*BSD News Article 62629


Return to BSD News archive

Path: euryale.cc.adfa.oz.au!newshost.anu.edu.au!harbinger.cc.monash.edu.au!nntp.coast.net!fu-berlin.de!news.belwue.de!news.dfn.de!news.uni-jena.de!news.HRZ.HAB-Weimar.DE!News.HTWM.De!news.tu-chemnitz.de!irz401!uriah.heep!news
From: j@uriah.heep.sax.de (J Wunsch)
Newsgroups: comp.unix.bsd.freebsd.misc
Subject: Re: YP/NIS on FreeBSD/Linux/NeXT
Date: 20 Feb 1996 00:46:25 GMT
Organization: Private BSD site, Dresden
Lines: 27
Message-ID: <4gb5l1$d34@uriah.heep.sax.de>
References: <4ffaq7$7jg@myntti.helsinki.fi>
Reply-To: joerg_wunsch@uriah.heep.sax.de (Joerg Wunsch)
NNTP-Posting-Host: localhost.heep.sax.de
Mime-Version: 1.0
Content-Type: text/plain; charset=ISO-8859-1
Content-Transfer-Encoding: 8bit
X-Newsreader: knews 0.9.3

kjellman@cc.helsinki.fi (Janne P Kjellman) writes:

> 	Is there a difference in password coding with Free[BSD], Linux,
> 	etc??

Most likely.  According to the opinion of some US legal people, you
can apparently shoot someone with the beloved DES encryption code,
hence it accounts as ``ammunition'' and is restricted from being
exported out of US.  (Even if it's written outside, you can import,
but not re-export it.  Call it braindead if you want.)
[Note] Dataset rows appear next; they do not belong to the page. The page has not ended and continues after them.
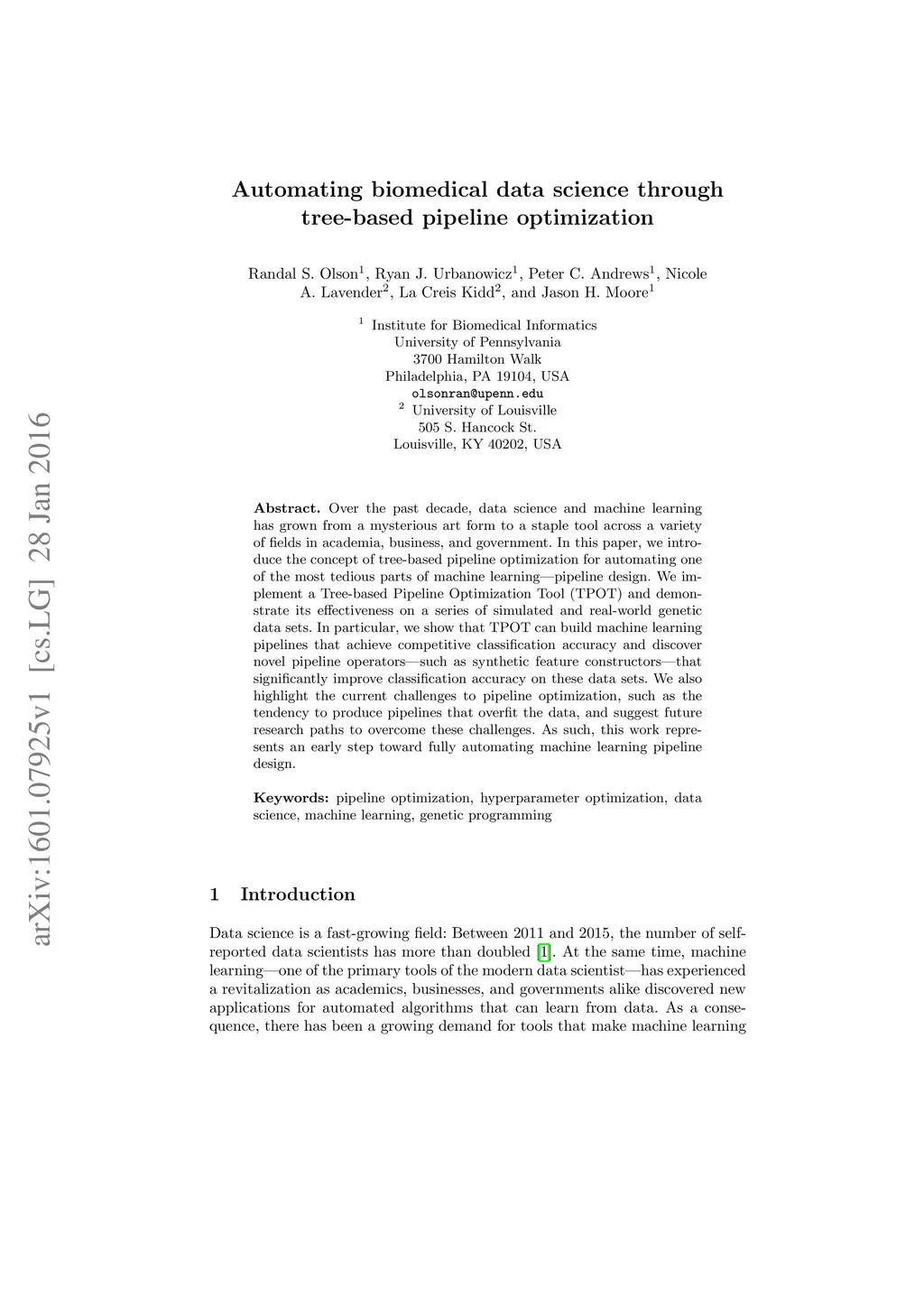 Over the past decade, data science and machine learning has grown from a mysterious art form to a staple tool across a variety of fields in academia, business, and government. In this paper, we introduce the concept of tree-based pipeline optimization for automating one of the most tedious parts of machine learning---pipeline design. We implement a Tree-based Pipeline Optimization Tool (TPOT) and demonstrate its effectiveness on a series of simulated and real-world genetic data sets. In particular, we show that TPOT can build machine learning pipelines that achieve competitive classification accuracy and discover novel pipeline operators---such as synthetic feature constructors---that significantly improve classification accuracy on these data sets. We also highlight the current challenges to pipeline optimization, such as the tendency to produce pipelines that overfit the data, and suggest future research paths to overcome these challenges. As such, this work represents an early step toward fully automating machine learning pipeline design.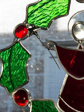 Beautiful 8.5” diameter stained glass angel with a star surrounded by a Holly and berries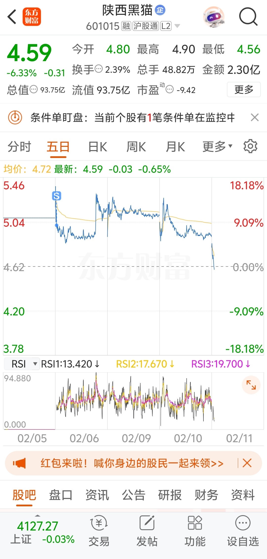 $陕西黑猫(SH601015)$ 还好之前走了,本来想着它调整好再进来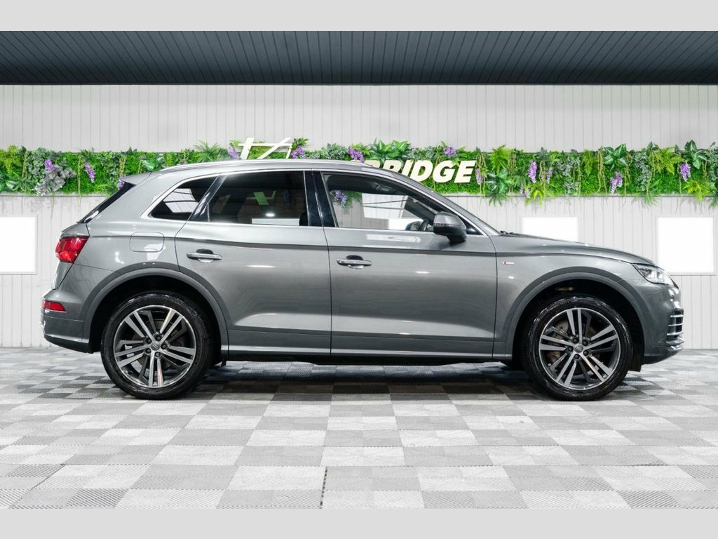 Kingsbridge Autos are very pleased to bring this fabulous Audi Q5 2.0 Hybrid S-Line Competition Quattro 4WD finished in Daytona grey metallic paint to the market. With this example being the S-Line Competition it is complete with the S-Line exterior styling and suspension, Matrix LED headlights, 20'' alloy wheels, MMI Navigation Plus, Flat bottom steering, electric boot lid and much more. This car is in great condition and benefits from a full service history, don't miss out on your chance to own this lovely Audi Q5 S-Line Competition.  The 2.0 Hybrid offers a combined power of 367 PS and 500 Nm of torque, achieving 0-62 mph in around 5.3 seconds, with an electric-only range of up to 26 miles on the WLTP cycle. A full charge can be achieved in approximately six hours with a standard domestic socket or 2.5 hours using a 7kW home wallbox. Audi reckon on the WLTP cycle it'll achieve 113mpg.  One of the stand out features of this car are the Full Valcona quilted leather seats which are electrically adjustable, heated and have a full Massage function!  This example has a complete annual service history and just 2 owners from new.  Fine Nappa Leather - Black with Rock Gre, Daytona Grey, 2 x SDXC Card Readers, 2 x USB Charging Ports and 1 x AUX-IN, 20in Alloy Wheels - 5-Segment-Spoke Desi, 3 Pin 10amp Domestic Charging Cable, 4-Way Electric Lumbar Support, 6-Airbag System, Advanced Key with Electric Hands-Free Bo, Aluminium Roof Rails, Anti Theft Locking Wheel Bolts, Anti-Theft Alarm, Audi Beam, Audi Connect Safety and Service - e-call, Audi Drive Select, Audi Parking System Plus, Audi Pre-Sense City, Audi Smartphone Interface, Auto-Dimming Rear-View Mirror, Automatic Headlight Adjustment, Bluetooth Interface, Body Coloured Door Mirrors, CD Drive, Chrome-Plated Exhaust Trim, Cloth Headlining in Black, Colour Drivers Inf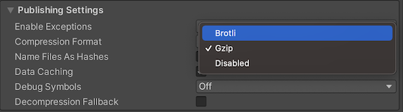 如果要构建发布版本,Unity 将根据在 WebGL Player 设置的 Publishing Settings 面板中选择的 Compression Format 来压缩构建输出文件。
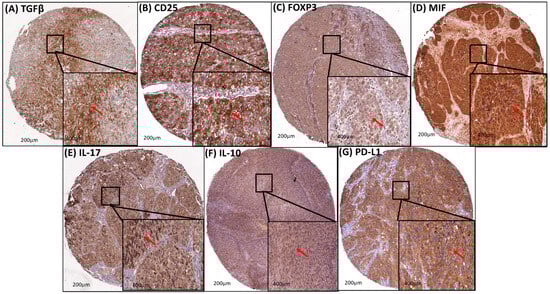 Protein expression profiles of cervical tumors to assess immunosuppression. Strong diffuse brownish-brown cytoplasmic staining for anti-TGFβ (A), anti-CD25 (B), anti-FOXP3 (C), anti-MIF (D), anti-IL-17 (E), anti-IL-10 (F), and anti-PD-L1 (G) in TMA with primary cervical cancer. Red arrow: brownish-brown cytoplasmic staining.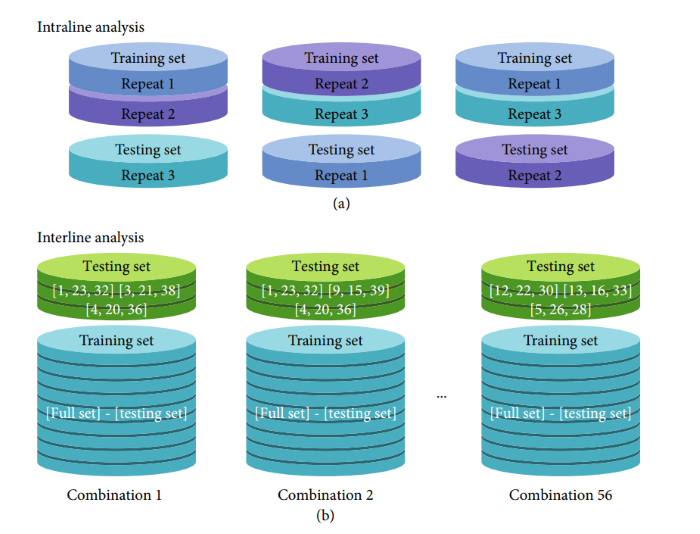 圖3:模型建立的樣本組合。圖中展示了用于品系內(nèi)分析(a)和品系間分析(b)的重復(fù)樣本和品種排列的示意圖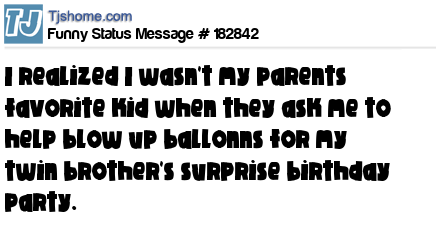 X is I realized I wasn't my parents favorite kid when they ask me to help blow up ballonns for my twin brother's surprise birthday party.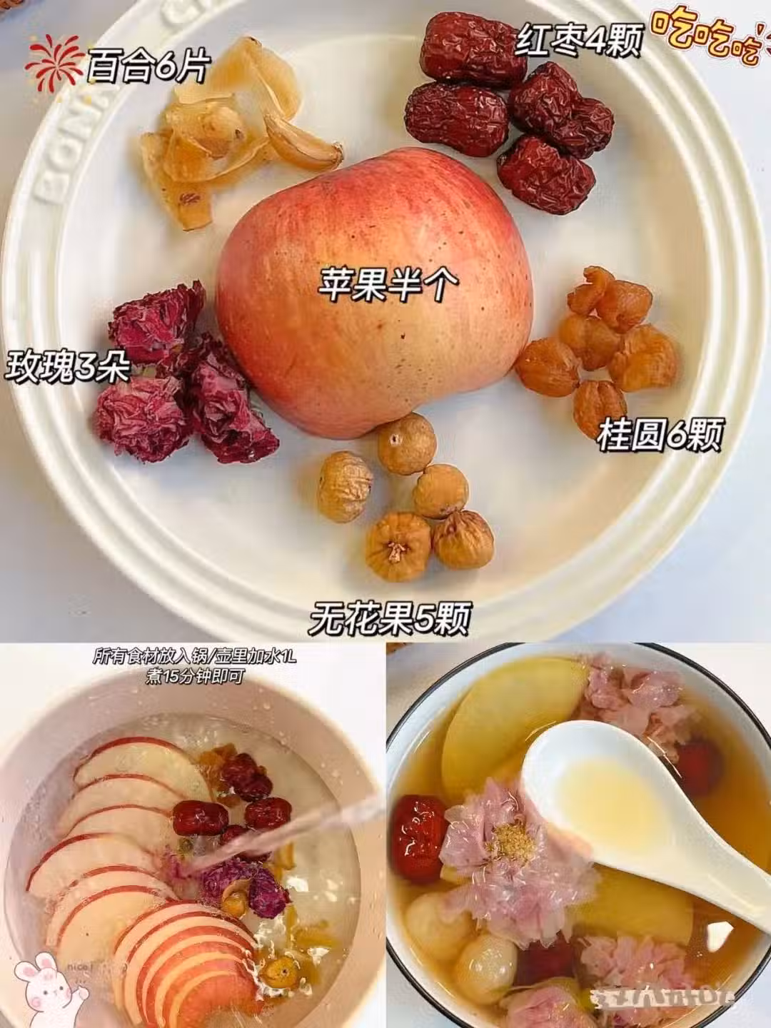 家人們,老中醫力薦的蘋果女神湯來啦!喝了它,睡眠變好,氣色也超絕!這湯性質溫和,怎么喝都不會上火,還能美容養顏。煮過的蘋果可以健脾養胃,桂圓肉則能寧心養血。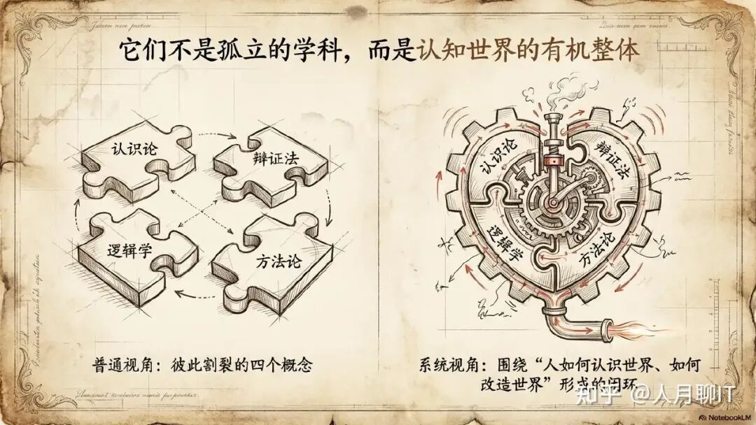 到这里,我们已经分别讨论了认识论、逻辑学、辩证法和方法论各自的角色。但更重要的是理解它们如何形成一个统一的闭环体系。

Hence FreeBSD's default passwort encryption is not DES.  (Most likely,
Linux' is neither, but i don't know.)  Poul-Henning Kamp developed a
password encryption algorithm based on the MD5 algorithm.  This one is
believed to be even stronger than DES, but naturally incompatible.
The positive effect is that MD5 counts as ``authentication'' software
only and is therefore not affected by the ammunition law.

For a non-US plug-in source of DES and all the other stuff around it,
have a look at ftp.internat.freebsd.org.

-- 
cheers, J"org

joerg_wunsch@uriah.heep.sax.de -- http://www.sax.de/~joerg/ -- NIC: JW11-RIPE
Never trust an operating system you don't have sources for. ;-)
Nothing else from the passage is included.